• Dataset content:
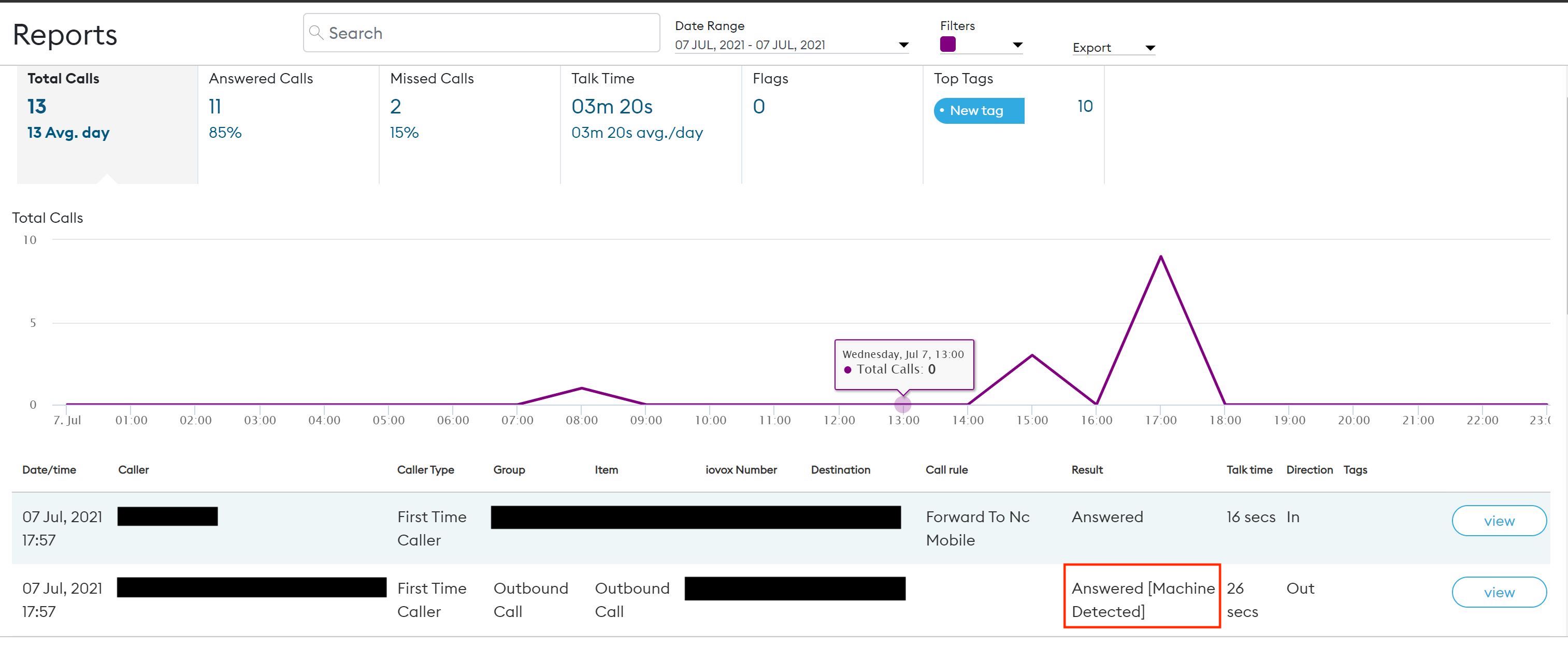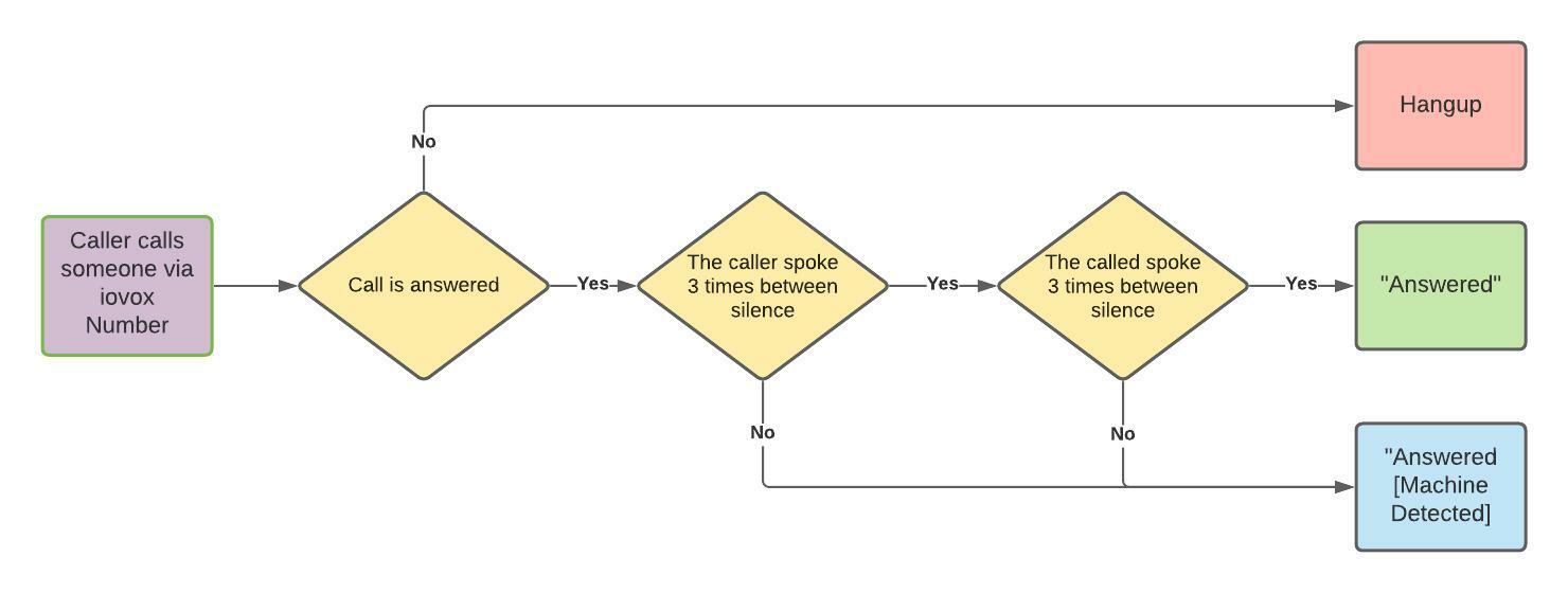 Whether the call is answered by someone or by a machine, iovox will get the same network response, and by default, will consider and display it as "Answered".
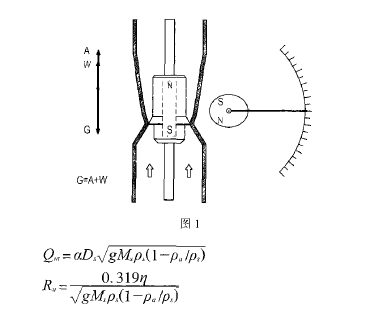 如圖1所示,相對應測量介質的某**量,磁性浮子在測量管中對應一個浮子位置,這個浮子位置通過指示器中的經(jīng)過精密充磁的磁禍合系統(tǒng)帶動指針,由刻度盤和指針讀出相應的流量值。
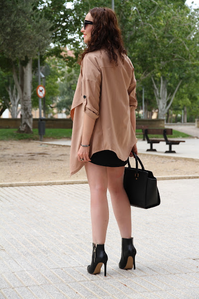 No tengo ninguna gana de entrar en invierno, pero si que es verdad que el tiempo que tenemos ahora que permite ir de manga corta con una chaqueta encima me gusta mucho. Además, tenía ya ganas de que llegaran estas temperaturas porque tenía está chaqueta oversizedesde principios de septiembre esperando en el armario para ser estrenada. He decido dejarle todo el protagonismo así que al ser camel la he combinado con un vestido negro y mis botines nuevos que compré en rebajas a un precio de risa.

• Assigned task:
Retype the data word for word and keep the pictures out of it.

• Solution:
 Whether the call is answered by someone or by a machine, iovox will get the same network response, and by default, will consider and display it as "Answered".
 如圖1所示,相對應測量介質的某**量,磁性浮子在測量管中對應一個浮子位置,這個浮子位置通過指示器中的經(jīng)過精密充磁的磁禍合系統(tǒng)帶動指針,由刻度盤和指針讀出相應的流量值。
 No tengo ninguna gana de entrar en invierno, pero si que es verdad que el tiempo que tenemos ahora que permite ir de manga corta con una chaqueta encima me gusta mucho. Además, tenía ya ganas de que llegaran estas temperaturas porque tenía está chaqueta oversizedesde principios de septiembre esperando en el armario para ser estrenada. He decido dejarle todo el protagonismo así que al ser camel la he combinado con un vestido negro y mis botines nuevos que compré en rebajas a un precio de risa.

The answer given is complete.